Dataset extract ->
'''
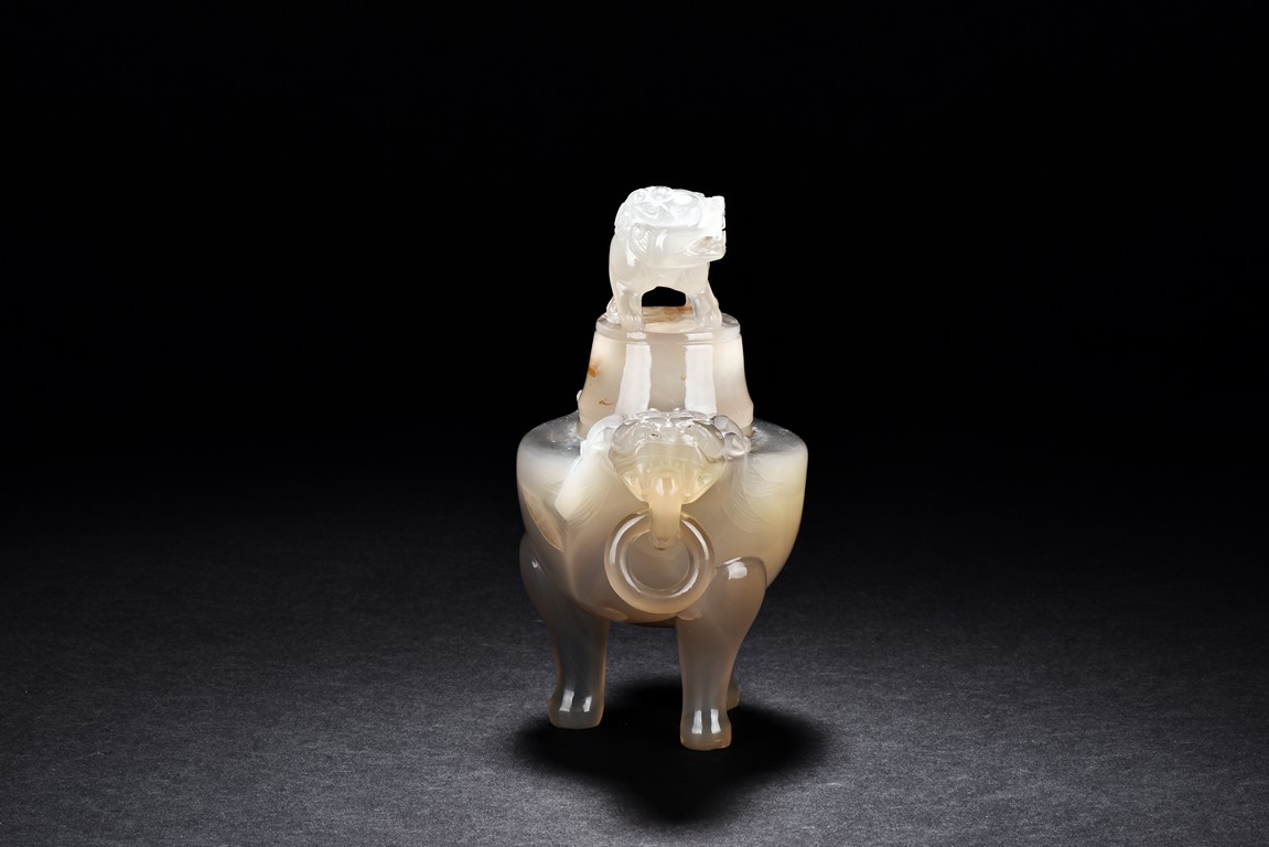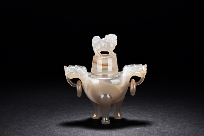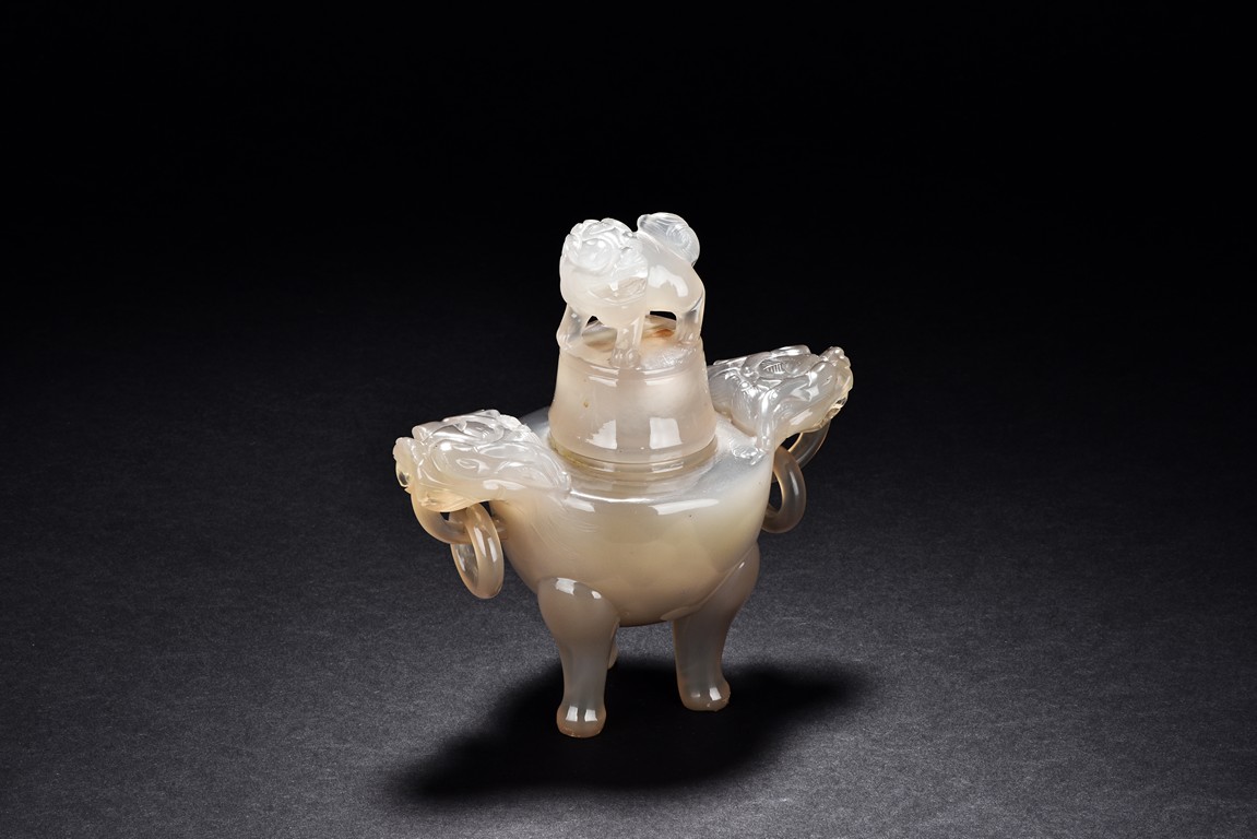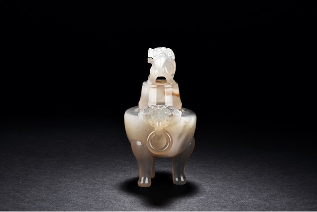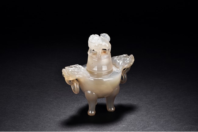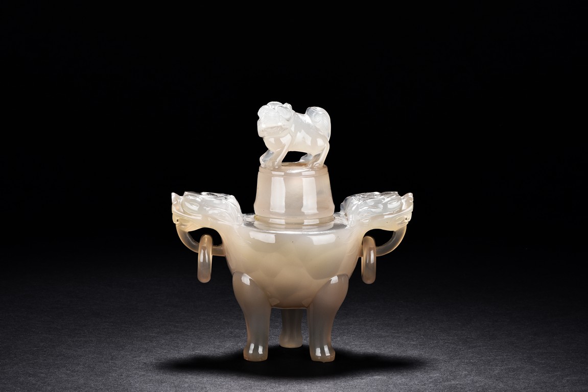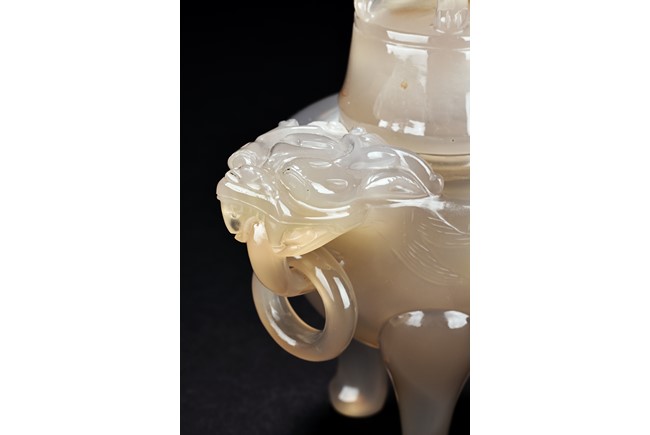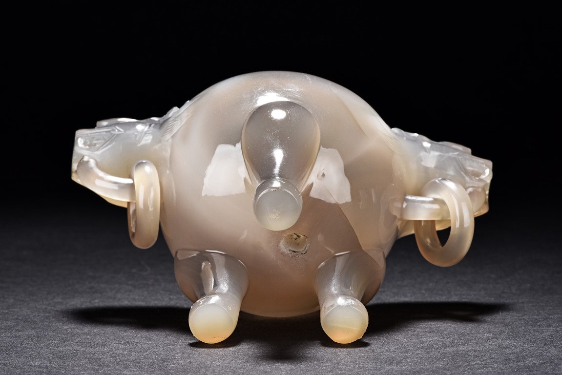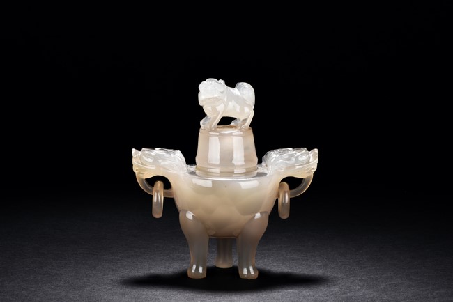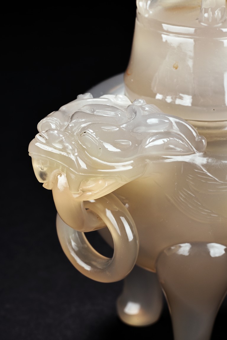 Supported on three long splayed feet, the exterior well polished, body flanked by two beast form handles suspended with rings, the cover with lion-form finial. The stone is of high translucency. Republic period.
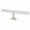 Nowoczesny kinkiet BAY to lampa, która – nieco wbrew minimalistycznej formie – posiada niezwykle szerokie spektrum zastosowań. Sprawdzi się ona wszędzie tam, gdzie potrzeba dodatkowego, mocnego oświetlenia punktowego, jednak najbardziej rekomendowaną przestrzenią jest łazienka. Kinkiet BAY ma formę płaskiej, chromowanej listwy o długości 14 centymetrów, zamocowanej na niewielkim wsporniku montowanym do ściany na prostokątnej rozecie. Źródło światła w postaci żarówki LED znajduje się w dolnej części listwy, dzięki czemu lampa doskonale oświetla wszystko, co znajduje się bezpośrednio pod nią. Doskonale nadaje się zatem do zamontowania nad lustrem i umywalką lub we wnęce, w które wyeksponowane zostaną łazienkowe akcesoria.
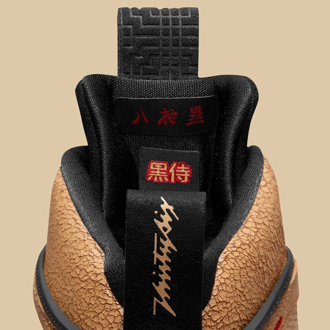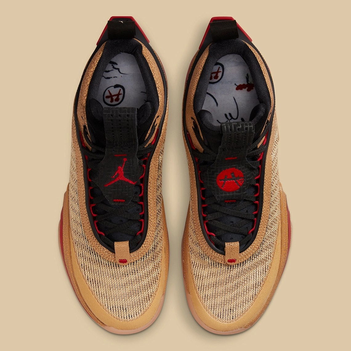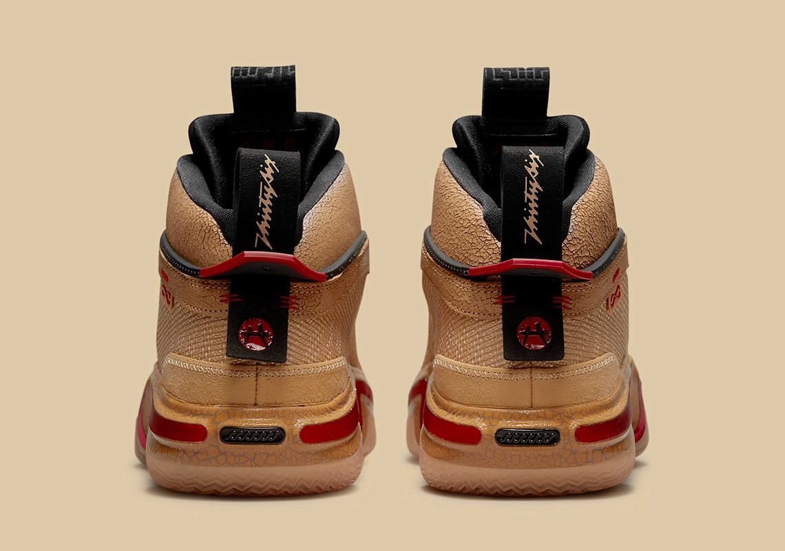 La languette et les lacets ressortent en noir, recouverts d’un « Jumpman » rouge sur la chaussure droite, et du logo de Rui Hachimura, également présent au niveau du talon, sur la chaussure gauche.
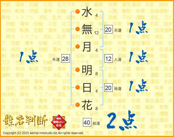 水(4画)無(12画)月(4画) 明(8画)日(4画)花(8画)
'''
Your instructions -> Please set down the whole listing exactly, apart from the pictures.

Response for this exercise ->
 Supported on three long splayed feet, the exterior well polished, body flanked by two beast form handles suspended with rings, the cover with lion-form finial. The stone is of high translucency. Republic period.
 Nowoczesny kinkiet BAY to lampa, która – nieco wbrew minimalistycznej formie – posiada niezwykle szerokie spektrum zastosowań. Sprawdzi się ona wszędzie tam, gdzie potrzeba dodatkowego, mocnego oświetlenia punktowego, jednak najbardziej rekomendowaną przestrzenią jest łazienka. Kinkiet BAY ma formę płaskiej, chromowanej listwy o długości 14 centymetrów, zamocowanej na niewielkim wsporniku montowanym do ściany na prostokątnej rozecie. Źródło światła w postaci żarówki LED znajduje się w dolnej części listwy, dzięki czemu lampa doskonale oświetla wszystko, co znajduje się bezpośrednio pod nią. Doskonale nadaje się zatem do zamontowania nad lustrem i umywalką lub we wnęce, w które wyeksponowane zostaną łazienkowe akcesoria.
 La languette et les lacets ressortent en noir, recouverts d’un « Jumpman » rouge sur la chaussure droite, et du logo de Rui Hachimura, également présent au niveau du talon, sur la chaussure gauche.
 水(4画)無(12画)月(4画) 明(8画)日(4画)花(8画)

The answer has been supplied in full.